New Standards for Mergers of Not-for-Profit Organizations
In 2009 the Financial Accounting
Standards Board (FASB) issued FASB Statement 164, Not-for-Profit Entities: Mergers and Acquisitions. This new standard is effective for either:
- initial mergers for which the merger date is on or after the beginning of an initial reporting period beginning on or after December 15, 2009 or
- acquisitions for which the acquisition date is on or after the beginning of the first annual reporting period beginning on or after December 15, 2009
The guidance in this statement may not be applied to mergers that occurred before the effective date. This statement applies only to combinations of entities that are either considered mergers or acquisitions. It does not apply to the following types of transactions:
- the formation of a joint venture
- the acquisition of an asset or a group of assets
that does not constitute either a business or a nonprofit activity - a combination between not-for-profit entities, businesses, or nonprofit activities under common control
- a transaction or other event in which a not-for-profit entity obtains control of another entity but does not consolidate that entity.
Another important aspect of this standard is that mergers are treated differently than acquisitions. Therefore, one of the crucial aspects in applying this standard is determining if the combination is a merger or an acquisition. The difference between a merger and an acquisition is a merger of not-for-profit entities, is a combination in which the governing bodies of two or more not-for-profit entities cede control of those entities to create a new not-for-profit entity. In contrast, an acquisition is a combination in which a not-for-profit acquirer obtains control of one or more nonprofit activities or businesses.
Mergers
In a merger of organizations the new entity is required to use the carryover method of accounting. Under the carryover method, the combined entity's initial set of financial statements
carry forward the assets and liabilities
of the combining entities, measured at their carrying amounts in the books of the combining entities at the merger date. The merging entities may have measured assets and liabilities using different methods of accounting in their separate financial statements. The new entity shall adjust the amounts of those assets and liabilities as necessary to reflect a consistent method of accounting. However, because the carryover method does not reflect a “fresh-start” measurement, a merger is not an event that permits the election of accounting options that are restricted to the entity's initial acquisition or recognition of an item (or the reversal of a previous election). Thus, for example, one merging entity's election of the fair value option in FASB Statement No. 159, The Fair Value Option for Financial Assets and Financial Liabilities, for a particular financial asset or liability permits neither the new entity's election of the fair value option for other financial assets or liabilities at the merger date nor the reversal of the previous selection of the fair value option. Further, the entity resulting from a merger is a new reporting entity, with no activities before the date of the merger. Thus, the new entity's initial reporting period begins with the merger date, and the merger itself shall not be reported as activity of the new entity's initial reporting period. Rather, the combined assets, liabilities, and net assets
of the merging entities are included in the statement of financial position
as of the beginning of that initial reporting period, if presented. Lastly, there are certain required disclosures for the financial statements of the new entity:
- the name and a description of each merging entity
- the merger date
- the primary reasons for the merger
- for each merging entity:
- the amounts recognized as of the merger date for each major class of assets and liabilities and each class of net assets
- the nature and amounts, if applicable, of any significant assets (for example, conditional promises receivable or collections) or liabilities (for example, conditional promises payable) that GAAP
does not require to be recognized
- the nature and amount of any significant adjustments made to conform the individual accounting policies of the merging entities or to eliminate intraentity balances
Acquisitions
In an acquisition, one entity must be identified as the acquirer and one must be identified as the acquiree. This determination is based primarily on which organization retains control. In an acquisition the acquirer is required to account for the assets and liabilities of the acquiree at their fair values at the date of acquisition (generally the date on which the assets and liabilities are legally transferred). There are certain exceptions to this measurement principle, including:
- The acquirer shall not recognize an acquired donor relationship as an intangible asset.

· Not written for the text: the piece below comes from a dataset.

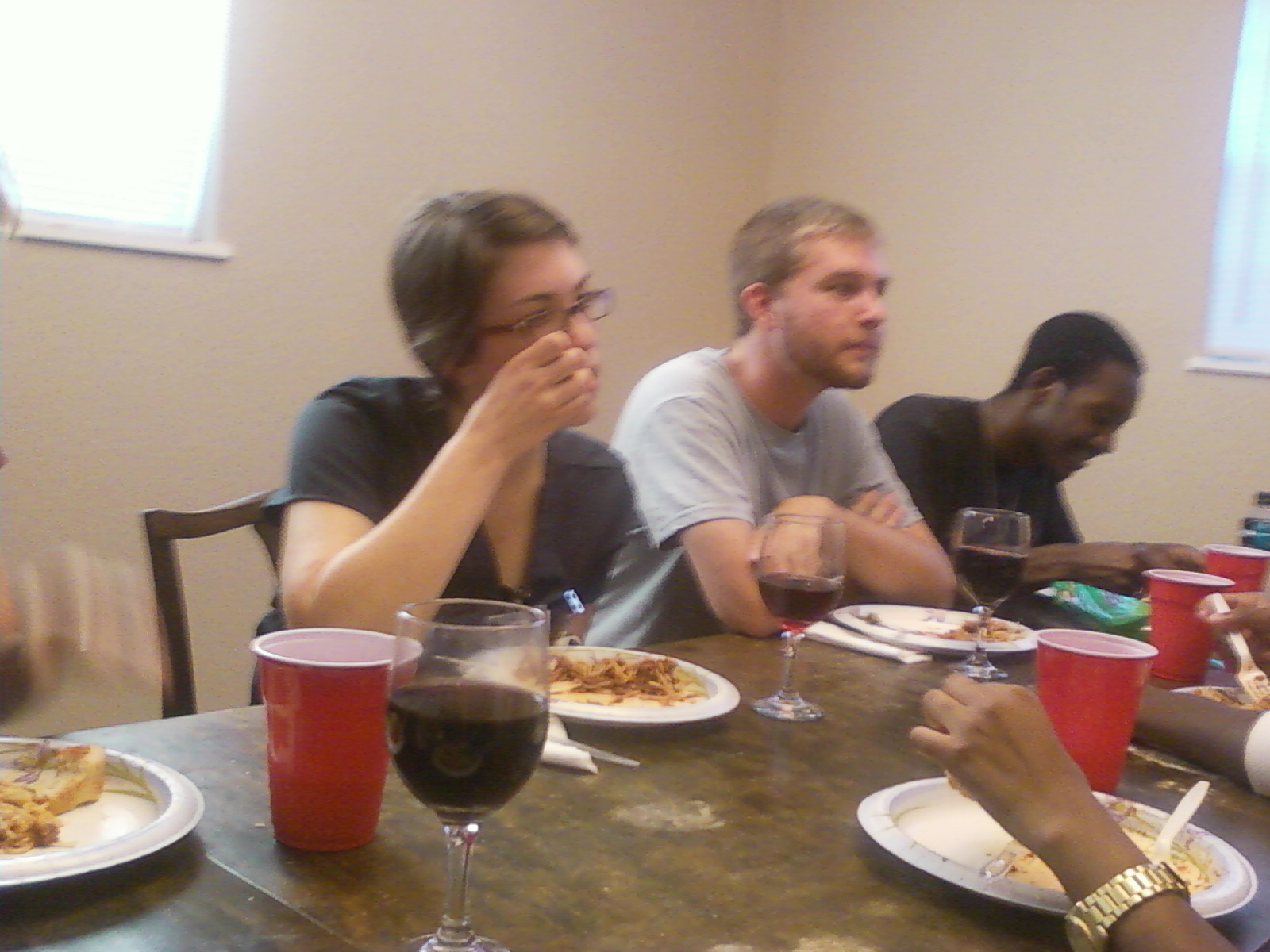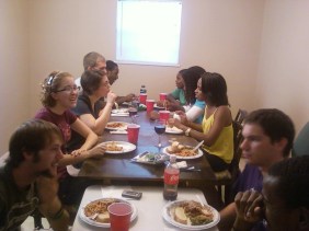 Meals matter. My Jesus community shares meals together often. You see, we didn’t set out to throw a party on Tuesday. The four of us currently living at together planned to eat dinner together, and then the women got themselves invited. And then, as Eric and I were shopping for groceries, we thought of other friends who had just gotten into town. We invited them. Then, we ran into several people in the course of the day whom we invited to join us as well. People just showed up because all are welcome. That sort of open-handed life is the one we want to live. The crucible for this will be, of course, when classes and work start up for everyone. Right now it is fairly easy, because of the amount of time we have free, to spend hours together celebrating for no good reason, but we will soon see if that continues in light of work and school.

- If the acquirer has a policy of not capitalizing collections then any acquired collections shall not be recognized as assets but instead the purchase cost of the collection shall be deducted from the appropriate net asset class.
- The acquirer shall recognize and measure a liability (or asset, if any) related to the acquiree's employee benefit arrangements in accordance with other GAAP, as amended.

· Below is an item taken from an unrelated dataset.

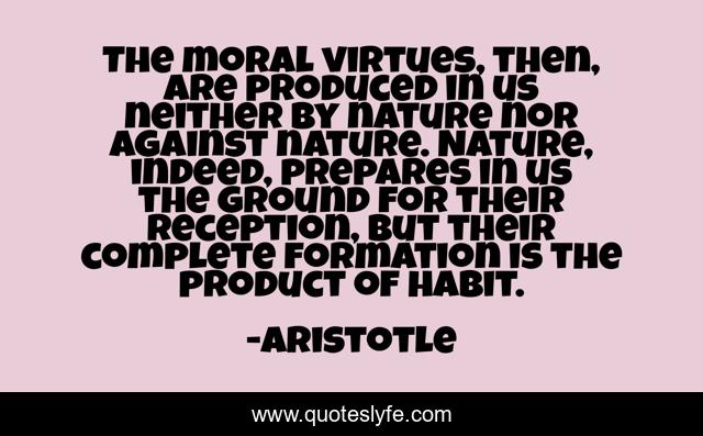 This page presents the quote "The moral virtues, then, are produced in us neither by nature nor against nature. Nature, indeed, prepares in us the ground for their reception, but their complete formation is the product of habit.". Author of this quote is Aristotle. This quote is about product, moral, habit,.

- At the acquisition date, the acquirer shall measure an acquired long-lived asset (or disposal group) that is classified as held for sale at fair value less cost to sell in accordance with paragraphs 34 and 35 of that Statement.
In a typical acquisition, the acquirer would recognize the acquired assets and liabilities and also goodwill equal to the excess of the assets over the liabilities as an intangible asset. However, if the acquirer expects the operations of the acquiree (as part of the combined entity) to be predominantly supported by contributions
and returns on investments then any amount that would be treated as goodwill would instead be recognized as a separate charge in its statement of activities
. Predominantly supported by means that contributions and returns on investments are expected to be significantly more than the total of all other sources of revenues. Due to the nature of not-for-profit organizations, many acquisitions by not-for-profit entities constitute an inherent contribution received because the acquirer receives net assets without transferring consideration. This Statement requires the acquirer to recognize such a contribution received as a separate credit in its statement of activities on the acquisition date. As with the carryover method, there are certain required disclosures in the financial statements of the acquirer:
- the name and a description of the acquiree
- the acquisition date
- if applicable, the percentage of ownership interests, such as voting equity instruments, acquired
- the primary reasons for the acquisition and a description of how the acquirer obtained control of the acquiree
- a qualitative description of the factors, such as expected synergies from combining operations of the acquiree and the acquirer, intangible assets that do not qualify for separate recognition, or other factors, such as the nonrecognition of collections, that make up either:
- the goodwill recognized; or
- the separate charge recognized in the statement of activities
- the acquisition-date fair value of the total consideration transferred (or if no consideration was transferred, that fact) and the acquisition-date fair value of each major class of consideration, such as:
- cash
- other tangible or intangible assets, including a business or subsidiary of the acquirer
- liabilities incurred, for example, a liability for contingent consideration
Conclusion
As you can see there have been some significant changes in how combinations of not-for-profit organizations are accounted for. While accounting consideration should not be a major factor in deciding to combine organizations, there are certain decisions that must be made at the time of combination so the accounting can be handled properly.